Data records.
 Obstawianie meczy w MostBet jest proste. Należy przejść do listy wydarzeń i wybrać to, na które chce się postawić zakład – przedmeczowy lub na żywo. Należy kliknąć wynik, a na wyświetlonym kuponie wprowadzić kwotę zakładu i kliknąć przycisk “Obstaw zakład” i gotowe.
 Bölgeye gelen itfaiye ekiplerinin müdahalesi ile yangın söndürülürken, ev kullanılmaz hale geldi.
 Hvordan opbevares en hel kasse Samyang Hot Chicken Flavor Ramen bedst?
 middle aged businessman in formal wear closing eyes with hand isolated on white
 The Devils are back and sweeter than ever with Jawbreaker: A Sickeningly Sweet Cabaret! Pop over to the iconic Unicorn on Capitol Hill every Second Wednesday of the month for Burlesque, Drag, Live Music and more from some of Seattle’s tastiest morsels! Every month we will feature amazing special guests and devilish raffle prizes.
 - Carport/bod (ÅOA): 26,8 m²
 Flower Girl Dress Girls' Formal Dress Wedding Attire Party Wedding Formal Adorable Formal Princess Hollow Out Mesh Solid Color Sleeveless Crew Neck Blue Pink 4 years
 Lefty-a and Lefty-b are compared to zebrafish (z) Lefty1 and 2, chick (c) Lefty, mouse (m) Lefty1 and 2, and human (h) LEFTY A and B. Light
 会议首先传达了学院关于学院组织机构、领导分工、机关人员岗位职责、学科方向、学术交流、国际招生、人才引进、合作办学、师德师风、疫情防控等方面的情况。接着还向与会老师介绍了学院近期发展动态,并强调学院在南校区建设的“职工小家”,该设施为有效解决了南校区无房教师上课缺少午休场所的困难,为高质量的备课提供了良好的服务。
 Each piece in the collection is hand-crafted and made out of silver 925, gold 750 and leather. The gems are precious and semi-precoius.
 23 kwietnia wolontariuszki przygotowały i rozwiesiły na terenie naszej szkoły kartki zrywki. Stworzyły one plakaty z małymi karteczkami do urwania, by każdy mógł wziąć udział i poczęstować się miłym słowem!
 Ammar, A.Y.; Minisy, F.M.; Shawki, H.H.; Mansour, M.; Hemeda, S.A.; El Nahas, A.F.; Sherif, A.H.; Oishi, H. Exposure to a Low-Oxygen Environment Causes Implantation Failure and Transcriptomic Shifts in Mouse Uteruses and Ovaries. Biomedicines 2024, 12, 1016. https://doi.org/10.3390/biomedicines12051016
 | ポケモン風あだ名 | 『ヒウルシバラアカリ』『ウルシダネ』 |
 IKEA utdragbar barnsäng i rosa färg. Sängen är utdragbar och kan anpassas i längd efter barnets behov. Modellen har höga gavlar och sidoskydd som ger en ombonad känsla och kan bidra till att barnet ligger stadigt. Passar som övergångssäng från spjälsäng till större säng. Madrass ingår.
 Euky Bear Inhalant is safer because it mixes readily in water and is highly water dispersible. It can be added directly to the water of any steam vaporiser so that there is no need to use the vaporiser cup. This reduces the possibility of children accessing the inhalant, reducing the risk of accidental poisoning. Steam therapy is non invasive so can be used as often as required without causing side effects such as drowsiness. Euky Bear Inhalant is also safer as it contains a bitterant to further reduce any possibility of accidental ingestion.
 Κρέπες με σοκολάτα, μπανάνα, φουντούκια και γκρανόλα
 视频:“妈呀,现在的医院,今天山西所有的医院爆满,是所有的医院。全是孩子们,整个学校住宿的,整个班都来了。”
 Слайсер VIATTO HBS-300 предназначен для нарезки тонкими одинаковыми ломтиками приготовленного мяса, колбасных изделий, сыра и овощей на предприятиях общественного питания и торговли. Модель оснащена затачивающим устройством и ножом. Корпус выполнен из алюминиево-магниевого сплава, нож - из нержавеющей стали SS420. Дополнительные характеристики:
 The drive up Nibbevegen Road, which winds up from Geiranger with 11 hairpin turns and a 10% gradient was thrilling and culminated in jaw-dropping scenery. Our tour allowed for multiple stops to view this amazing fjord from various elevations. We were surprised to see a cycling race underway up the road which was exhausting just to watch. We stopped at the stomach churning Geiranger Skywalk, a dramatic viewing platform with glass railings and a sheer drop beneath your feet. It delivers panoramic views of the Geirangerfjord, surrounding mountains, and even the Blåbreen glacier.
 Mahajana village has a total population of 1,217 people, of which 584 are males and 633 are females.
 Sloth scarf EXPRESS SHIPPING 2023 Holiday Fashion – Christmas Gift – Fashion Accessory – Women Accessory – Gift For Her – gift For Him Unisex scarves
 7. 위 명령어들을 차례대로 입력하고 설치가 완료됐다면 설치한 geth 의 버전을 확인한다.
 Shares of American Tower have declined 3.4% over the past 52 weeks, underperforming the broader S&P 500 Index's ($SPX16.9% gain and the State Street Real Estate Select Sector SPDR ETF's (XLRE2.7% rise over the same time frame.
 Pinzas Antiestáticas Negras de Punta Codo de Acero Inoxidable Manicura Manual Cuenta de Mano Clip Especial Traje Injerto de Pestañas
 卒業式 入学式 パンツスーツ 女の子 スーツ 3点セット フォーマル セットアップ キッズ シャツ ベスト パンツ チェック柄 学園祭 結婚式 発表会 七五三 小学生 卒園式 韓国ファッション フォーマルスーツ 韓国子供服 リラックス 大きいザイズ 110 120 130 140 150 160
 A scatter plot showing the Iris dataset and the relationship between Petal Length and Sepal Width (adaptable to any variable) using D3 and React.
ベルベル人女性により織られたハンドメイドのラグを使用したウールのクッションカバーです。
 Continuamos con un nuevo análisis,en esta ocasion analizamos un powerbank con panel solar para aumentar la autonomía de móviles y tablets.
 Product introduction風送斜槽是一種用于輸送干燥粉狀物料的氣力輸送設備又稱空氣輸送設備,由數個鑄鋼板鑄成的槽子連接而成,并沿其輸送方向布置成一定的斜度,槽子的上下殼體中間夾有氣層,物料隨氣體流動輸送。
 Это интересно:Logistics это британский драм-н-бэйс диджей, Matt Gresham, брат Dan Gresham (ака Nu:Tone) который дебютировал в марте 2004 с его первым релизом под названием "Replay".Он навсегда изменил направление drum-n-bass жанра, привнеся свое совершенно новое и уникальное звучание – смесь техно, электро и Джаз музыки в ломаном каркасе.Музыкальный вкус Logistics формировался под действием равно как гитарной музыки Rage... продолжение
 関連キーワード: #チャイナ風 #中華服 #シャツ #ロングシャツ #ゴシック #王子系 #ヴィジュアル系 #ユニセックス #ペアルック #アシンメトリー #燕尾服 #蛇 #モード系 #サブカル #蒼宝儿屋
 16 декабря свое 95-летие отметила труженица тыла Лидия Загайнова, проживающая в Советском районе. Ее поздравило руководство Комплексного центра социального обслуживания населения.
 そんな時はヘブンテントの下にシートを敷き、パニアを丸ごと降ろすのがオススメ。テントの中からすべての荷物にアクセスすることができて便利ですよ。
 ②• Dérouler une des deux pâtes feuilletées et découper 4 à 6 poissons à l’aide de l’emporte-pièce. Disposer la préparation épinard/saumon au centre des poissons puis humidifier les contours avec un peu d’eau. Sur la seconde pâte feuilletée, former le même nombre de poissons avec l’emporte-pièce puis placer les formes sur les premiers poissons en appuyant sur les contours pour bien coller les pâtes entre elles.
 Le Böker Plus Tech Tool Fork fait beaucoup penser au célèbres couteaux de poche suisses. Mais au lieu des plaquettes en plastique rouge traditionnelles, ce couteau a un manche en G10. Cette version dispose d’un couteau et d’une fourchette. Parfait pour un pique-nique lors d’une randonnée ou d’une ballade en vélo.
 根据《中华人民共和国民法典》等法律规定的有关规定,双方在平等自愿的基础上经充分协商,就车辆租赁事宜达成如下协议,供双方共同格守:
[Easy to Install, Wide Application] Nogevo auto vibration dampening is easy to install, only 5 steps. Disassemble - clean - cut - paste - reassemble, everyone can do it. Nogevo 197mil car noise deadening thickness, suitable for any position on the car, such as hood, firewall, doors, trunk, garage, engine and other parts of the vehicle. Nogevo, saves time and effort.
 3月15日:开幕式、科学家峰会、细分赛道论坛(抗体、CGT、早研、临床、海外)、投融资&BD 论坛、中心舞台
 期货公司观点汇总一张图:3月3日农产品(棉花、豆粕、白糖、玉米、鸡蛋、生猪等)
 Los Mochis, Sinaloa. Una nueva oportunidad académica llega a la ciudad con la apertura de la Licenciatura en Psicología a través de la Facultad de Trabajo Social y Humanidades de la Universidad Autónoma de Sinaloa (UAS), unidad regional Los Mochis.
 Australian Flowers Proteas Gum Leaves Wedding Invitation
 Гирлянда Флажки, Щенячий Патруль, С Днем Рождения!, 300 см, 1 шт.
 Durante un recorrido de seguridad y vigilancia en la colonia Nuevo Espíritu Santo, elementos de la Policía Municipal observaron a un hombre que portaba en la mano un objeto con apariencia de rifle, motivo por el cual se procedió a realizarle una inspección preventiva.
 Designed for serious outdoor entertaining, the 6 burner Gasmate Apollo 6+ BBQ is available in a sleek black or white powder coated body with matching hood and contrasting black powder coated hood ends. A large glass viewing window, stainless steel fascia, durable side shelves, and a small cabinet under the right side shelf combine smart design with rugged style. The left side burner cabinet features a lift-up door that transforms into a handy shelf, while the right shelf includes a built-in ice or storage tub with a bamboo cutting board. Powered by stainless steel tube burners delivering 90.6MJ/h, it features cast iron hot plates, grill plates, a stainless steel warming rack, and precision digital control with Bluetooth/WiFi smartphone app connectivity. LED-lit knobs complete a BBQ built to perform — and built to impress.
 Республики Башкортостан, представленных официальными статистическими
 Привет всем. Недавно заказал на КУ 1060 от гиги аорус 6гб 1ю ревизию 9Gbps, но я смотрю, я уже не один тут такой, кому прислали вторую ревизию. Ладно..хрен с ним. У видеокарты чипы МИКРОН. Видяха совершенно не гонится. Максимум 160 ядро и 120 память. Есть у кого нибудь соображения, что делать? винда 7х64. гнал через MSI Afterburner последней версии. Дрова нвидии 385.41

Prompt.
Among the entries above, locate the lines containing "Pinzas Antiestáticas Negras" and "卒業式 入学式 パンツスーツ", and transcribe exactly those two lines and all lines between.

Expected answer.
 Pinzas Antiestáticas Negras de Punta Codo de Acero Inoxidable Manicura Manual Cuenta de Mano Clip Especial Traje Injerto de Pestañas
 卒業式 入学式 パンツスーツ 女の子 スーツ 3点セット フォーマル セットアップ キッズ シャツ ベスト パンツ チェック柄 学園祭 結婚式 発表会 七五三 小学生 卒園式 韓国ファッション フォーマルスーツ 韓国子供服 リラックス 大きいザイズ 110 120 130 140 150 160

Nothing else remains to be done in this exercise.